Denote $\Gamma=\Gamma_1+\Gamma_2+\Gamma_3+\Gamma_4$.

I used Cauchy's integral theorem to show that

$\int_{\Gamma}^{} \frac{e^{iz}}{z}dz=0$.

Now I need to evaluate the different parts of the integral $\int_{\Gamma}^{} \frac{e^{iz}}{z}dz$ and show that $\int_{-\infty}^{\infty} \frac{\sin(z)}{z}dz=\pi$ using the fact that $\lim_{\epsilon\rightarrow 0} \int_{\Gamma_4}^{ } \frac{\sin(t)}{t}dt=-i\pi$.
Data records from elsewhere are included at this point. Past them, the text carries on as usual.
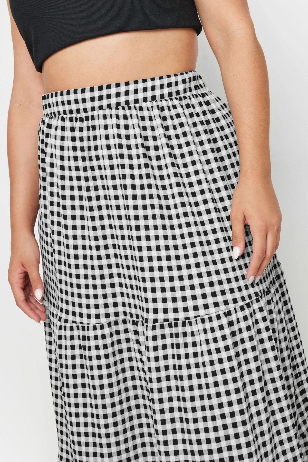 • פרטי הדגם: דוגמת משבצות, עיצוב בשכבות, מקסי, רצועת מותן אלסטית
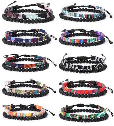 2Pcs a Set Gemstone Bead Stretch Surfer Beach Bracelet Bohemian Woven Bracelet for Couple 4MM Lava Stone Beads Bracelet
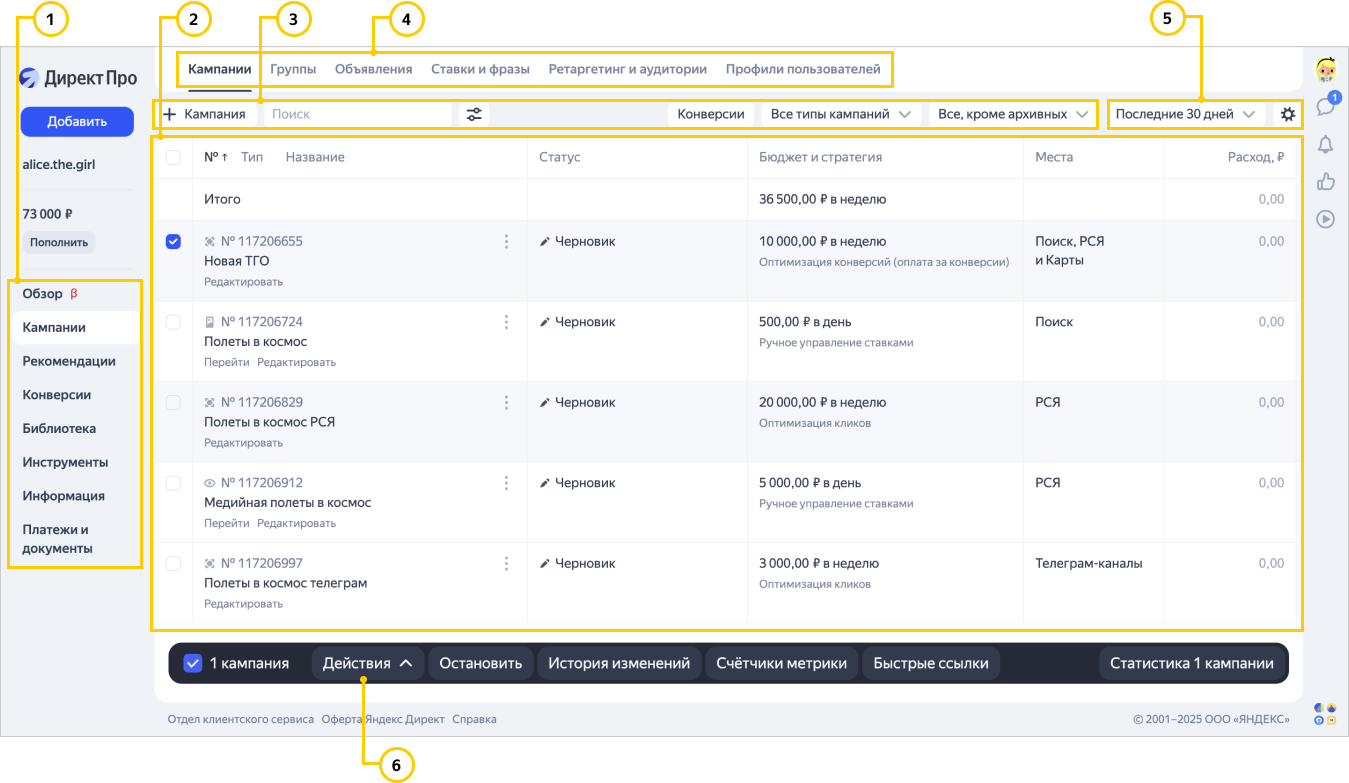Все данные по вашим кампаниям, группам и объявлениям представлены в одном окне. Основные элементы показаны на рисунке.
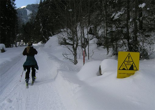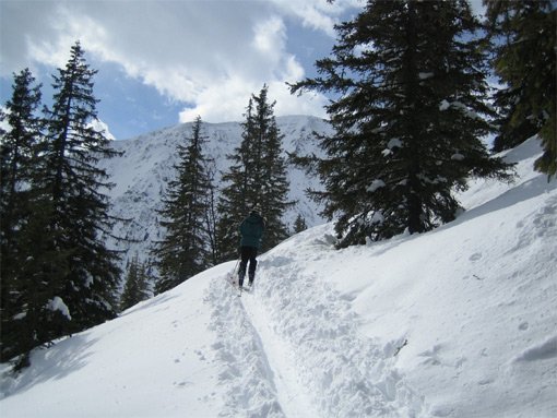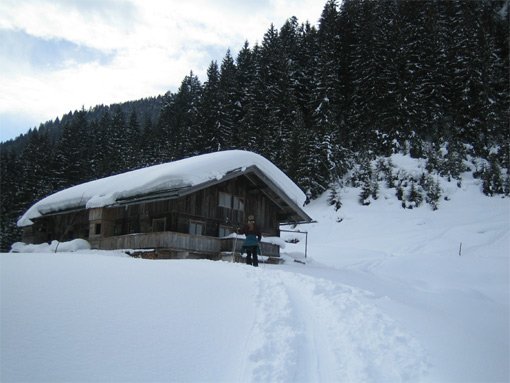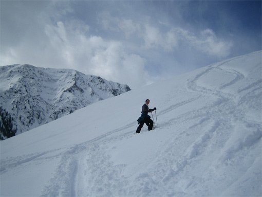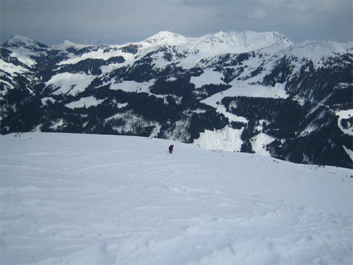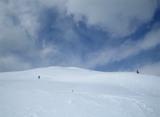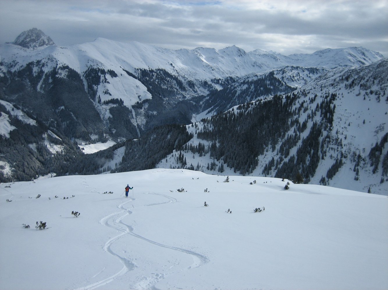 Nordostseitige Schitour über einen relativ lawinensicheren Rücken und ausgedehnte Almwiesen.
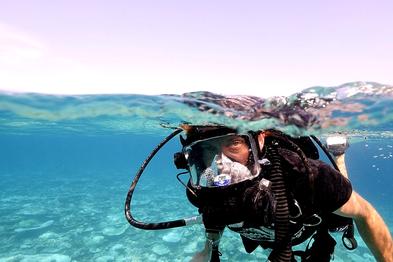 Coral Reef CPR scientists explain the state of coral bleaching in the Maldives in April 2016 using full face mask technology

So far I managed to show that $\int_{\Gamma_2}^{ } \frac{e^{iz}}{z}dz=0$.

So I am left with

$\int_{\Gamma_1}^{ } \frac{e^{iz}}{z}dz+\int_{\Gamma_3}^{ } \frac{e^{iz}}{z}dz=-\int_{\Gamma_2}^{ } \frac{e^{iz}}{z}dz \Rightarrow $

$\Rightarrow \int_{-R}^{-\epsilon} \frac{\cos(z)}{z}dz+i\int_{-R}^{-\epsilon} \frac{\sin(z)}{z}dz+\int_{\epsilon}^{R} \frac{\cos(z)}{z}dz+i\int_{\epsilon}^{R} \frac{\sin(z)}{z}dz=-\int_{\Gamma_2}^{ } \frac{\cos(z)}{z}dz-i\int_{\Gamma_2}^{ } \frac{\sin(z)}{z}dz$.

But I can't see how to evaluate these integrals. What am I missing here?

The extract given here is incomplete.